Items from a dataset:
◇ ◇ ◇ ◇
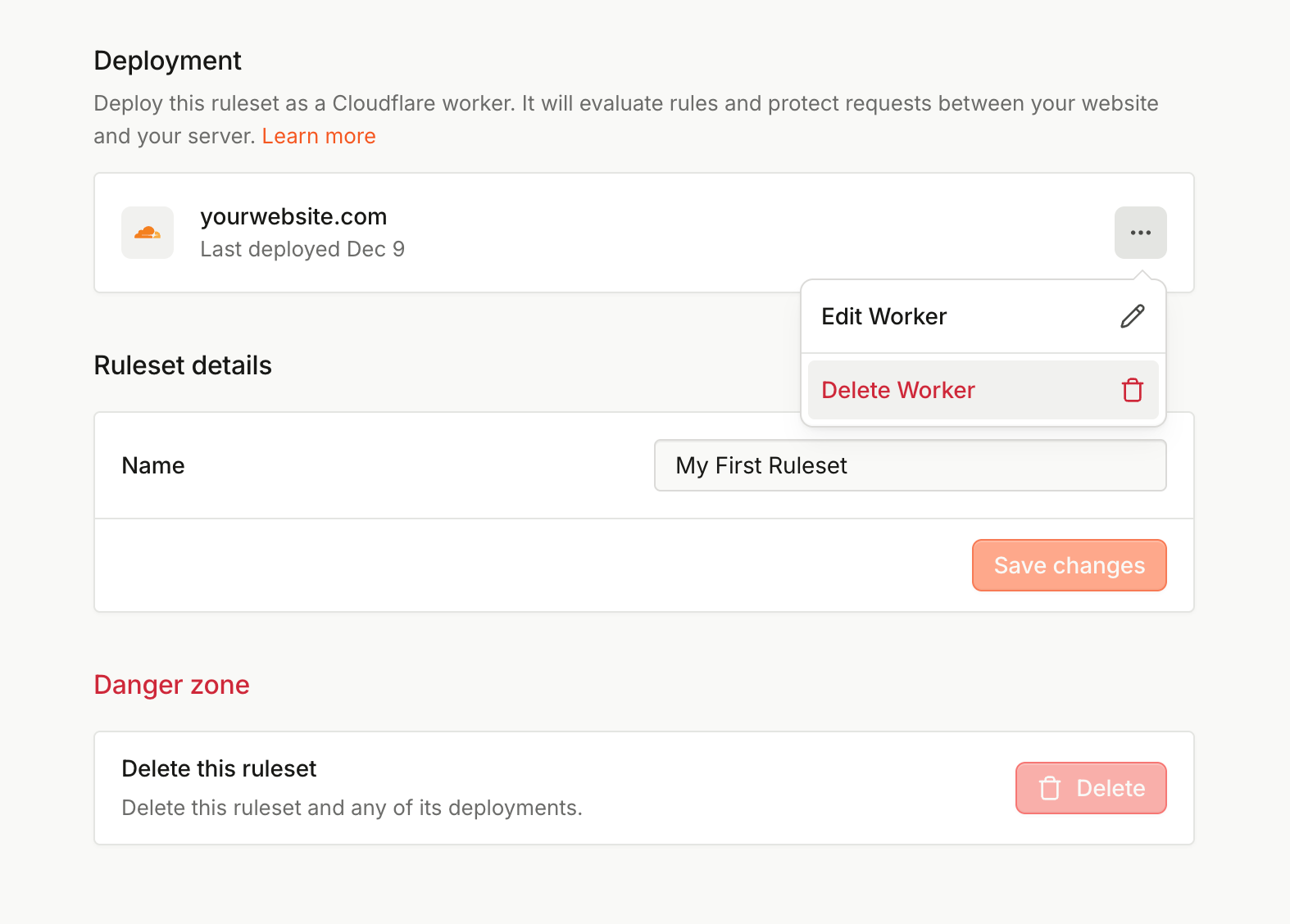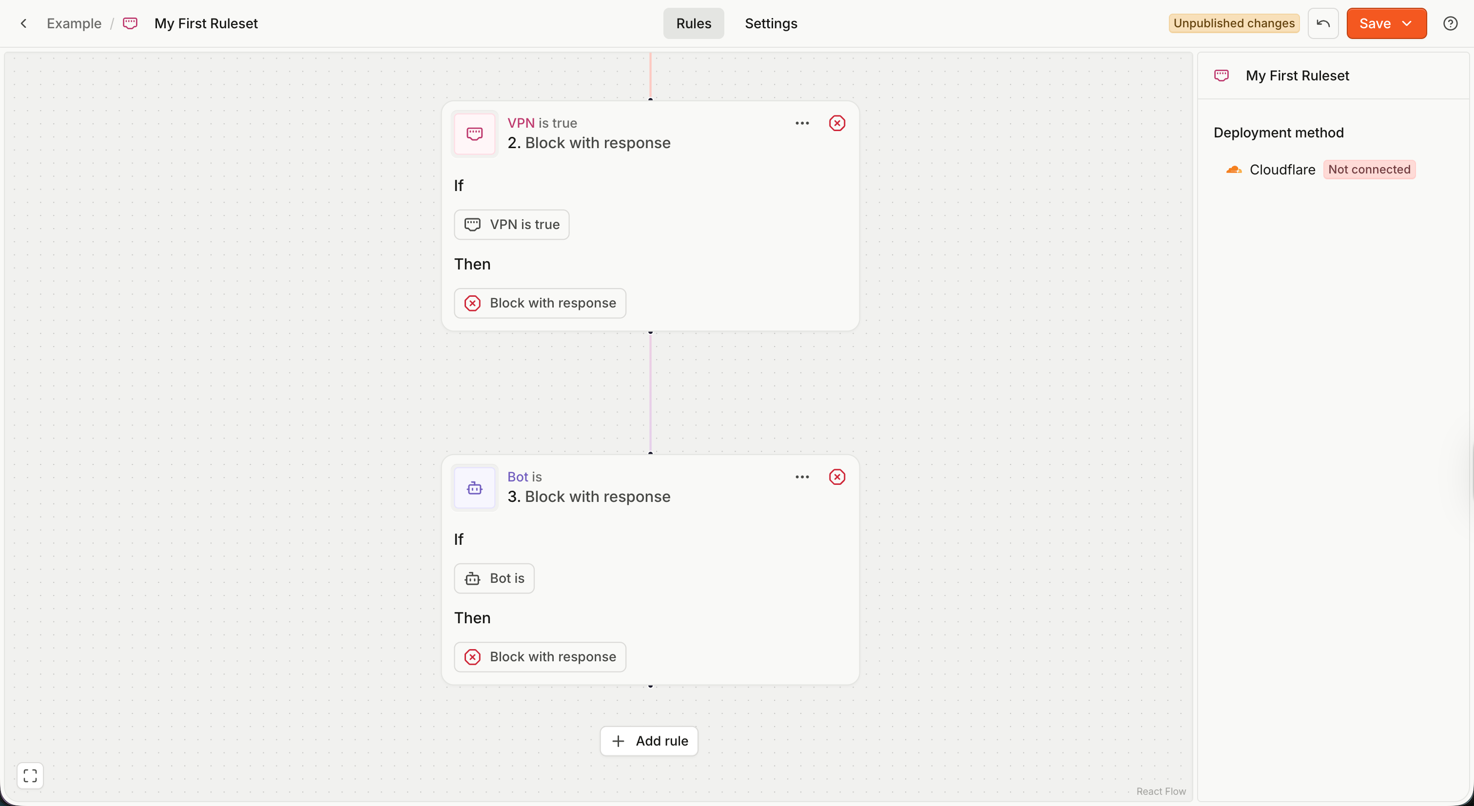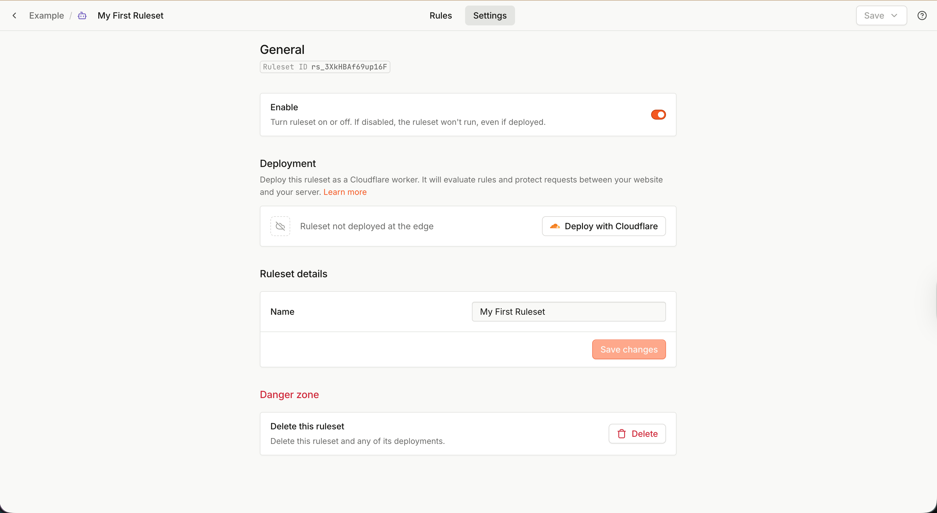 An undeployed ruleset is just a row in the Fingerprint database. To actually use the ruleset, you can deploy it to Cloudflare using a Flow worker.
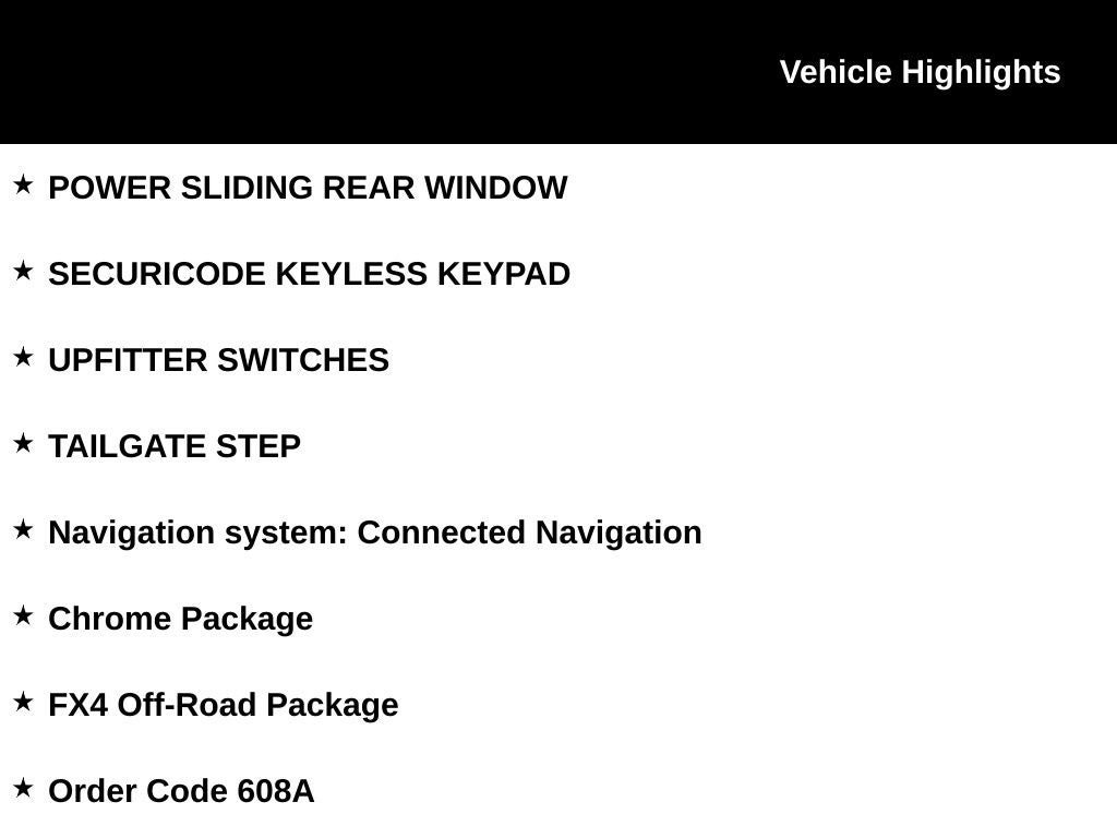 The FX4 Off-Road Package further enhances the vehicle's versatility, equipping it with specialized shock absorbers, electronic-locking differential, and upfitter switches for seamless customization. Indulge in the unparalleled convenience of the Ford Connectivity Package, providing a 1-year subscription to keep you connected on the go.
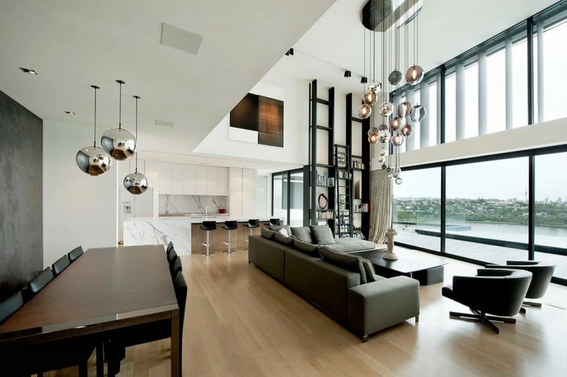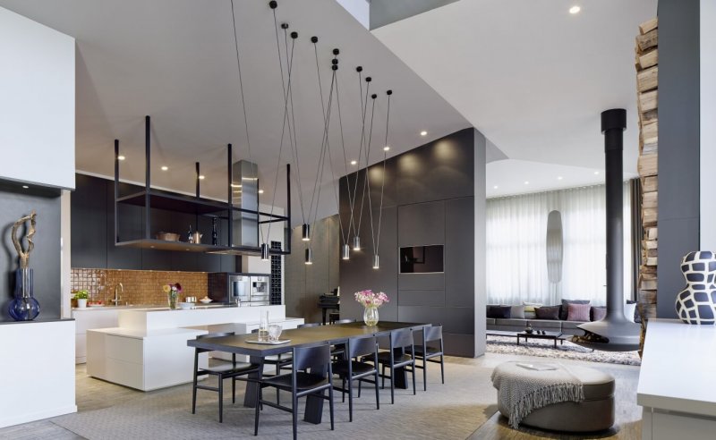 Применяется большое количество осветительных приборов. Дополнительно освещается рабочее пространство, обеденная зона, барная стойка.
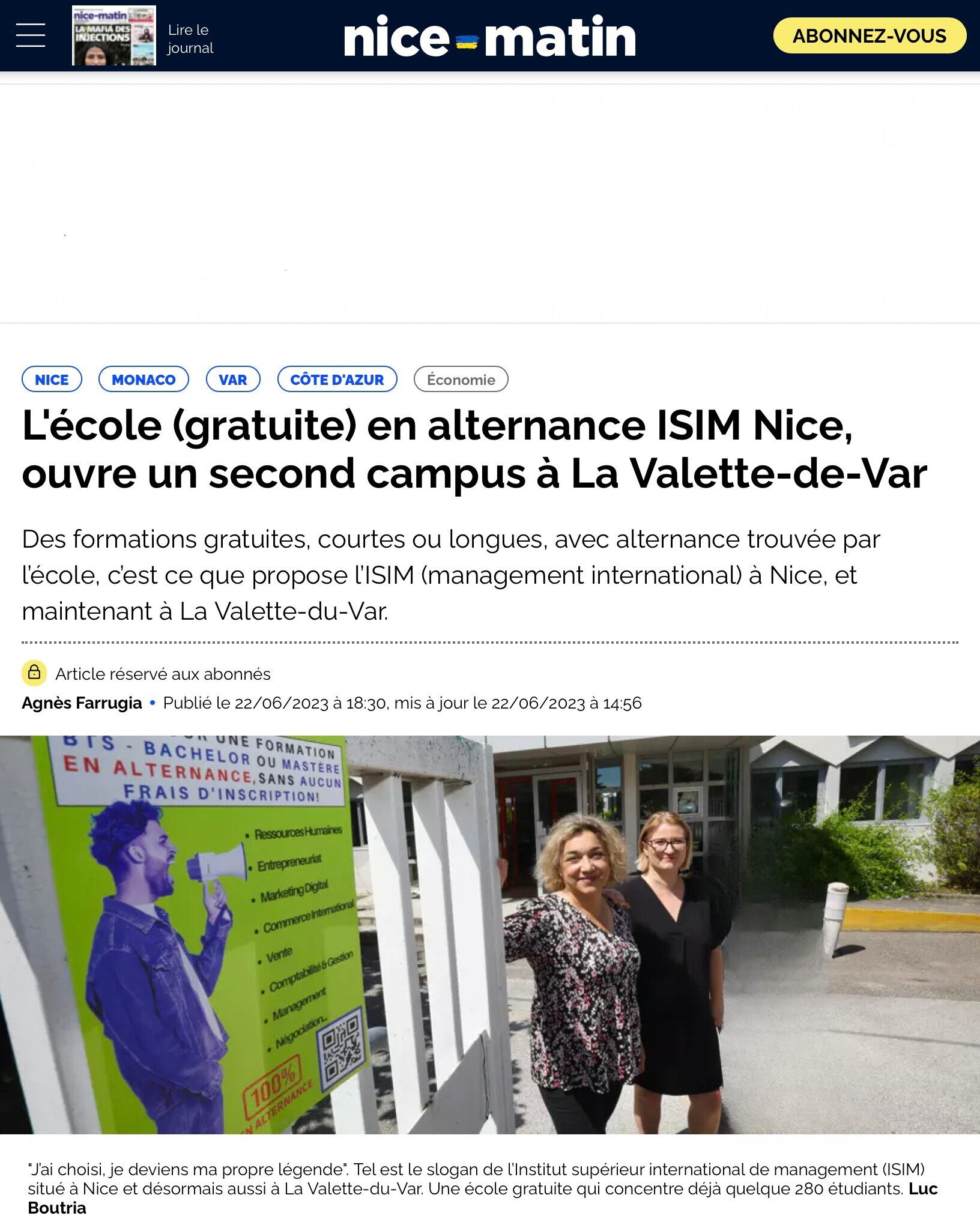 Nous sommes ravis d’annoncer notre apparition dans Nice Matin pour marquer l’ouverture de notre deuxième campus à La Valette du Var !
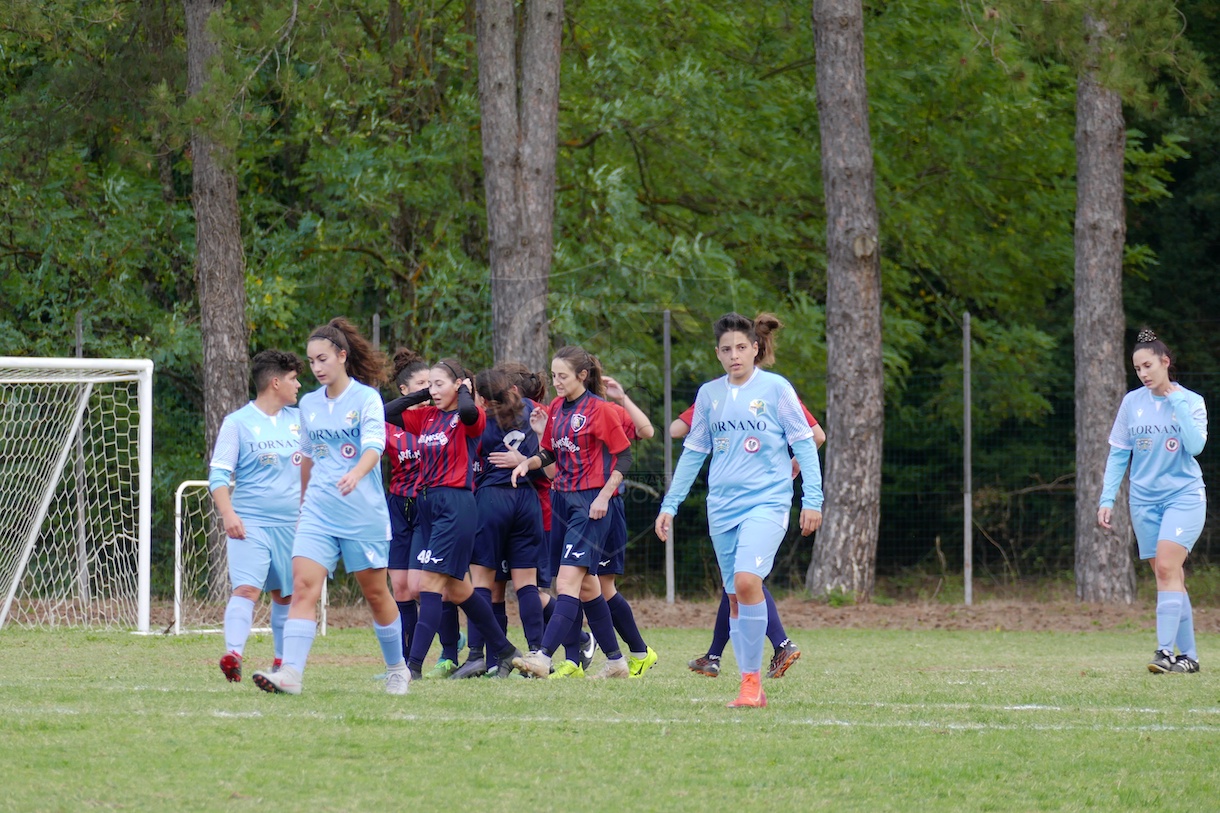 Finale un po’ convulso, tanti cambi e il sigillo al match del 4-1 siglato dalla neo entrata Martucci che, lanciata direttamente dalla difesa montevarchina, fugge in contropiede battendo in modo implacabile la numero uno ospite.
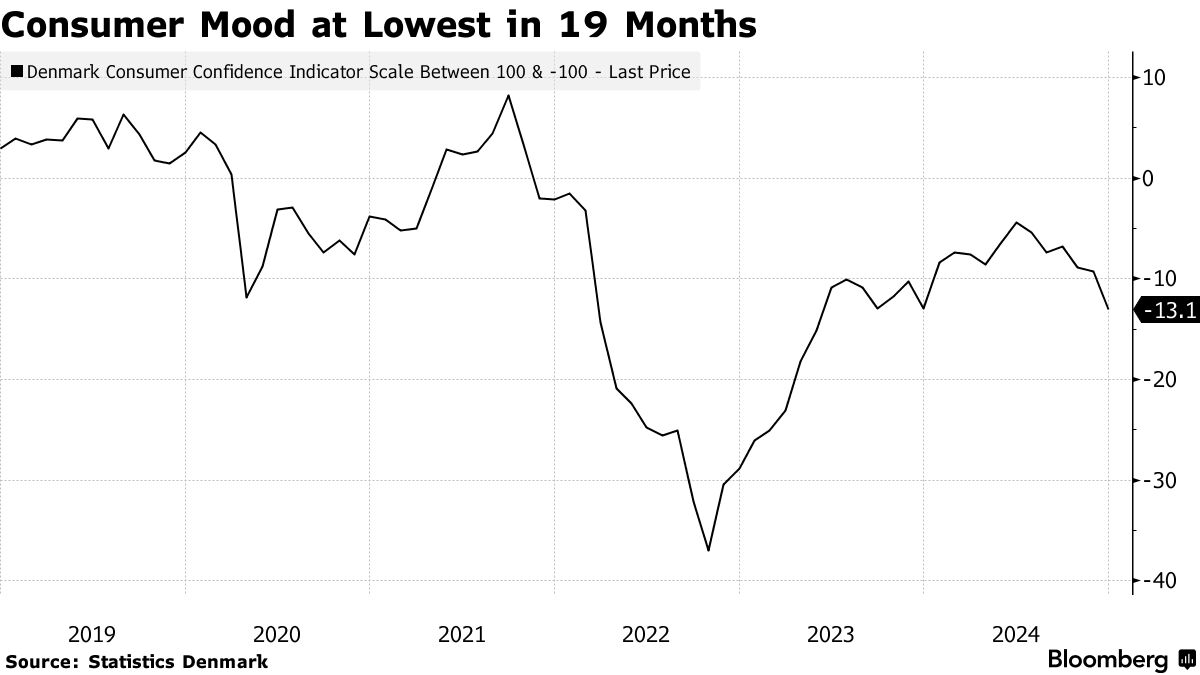 丹麦人无视诺和诺德的提振,消费者情绪降至19个月低点 - 彭博社
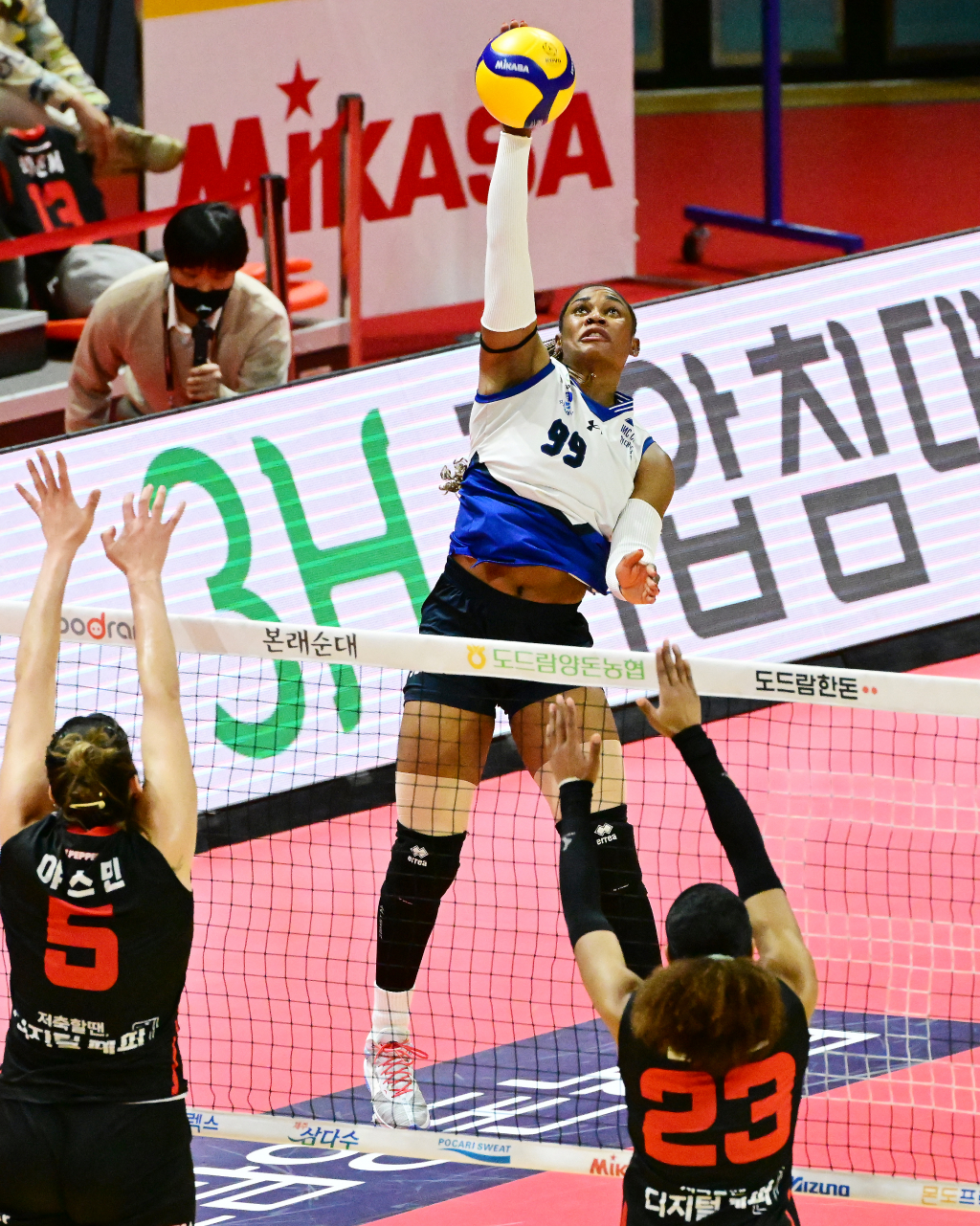 특히 승부처에서 모마의 백어택이 현대건설을 구해냈다. 24-24 듀스 상황에서 모마는 백어택을 연달아 성공했다. 현대건설은 26-24로 2세트를 따내며 세트 스코어 2-1로 앞서나갔다.
◇ ◇ ◇ ◇
Only the lines from the one containing "Применяется большое количество" through the last line of the data may appear in the answer, each given again exactly and with pictures left out.

 Применяется большое количество осветительных приборов. Дополнительно освещается рабочее пространство, обеденная зона, барная стойка.
 Nous sommes ravis d’annoncer notre apparition dans Nice Matin pour marquer l’ouverture de notre deuxième campus à La Valette du Var !
 Finale un po’ convulso, tanti cambi e il sigillo al match del 4-1 siglato dalla neo entrata Martucci che, lanciata direttamente dalla difesa montevarchina, fugge in contropiede battendo in modo implacabile la numero uno ospite.
 丹麦人无视诺和诺德的提振,消费者情绪降至19个月低点 - 彭博社
 특히 승부처에서 모마의 백어택이 현대건설을 구해냈다. 24-24 듀스 상황에서 모마는 백어택을 연달아 성공했다. 현대건설은 26-24로 2세트를 따내며 세트 스코어 2-1로 앞서나갔다.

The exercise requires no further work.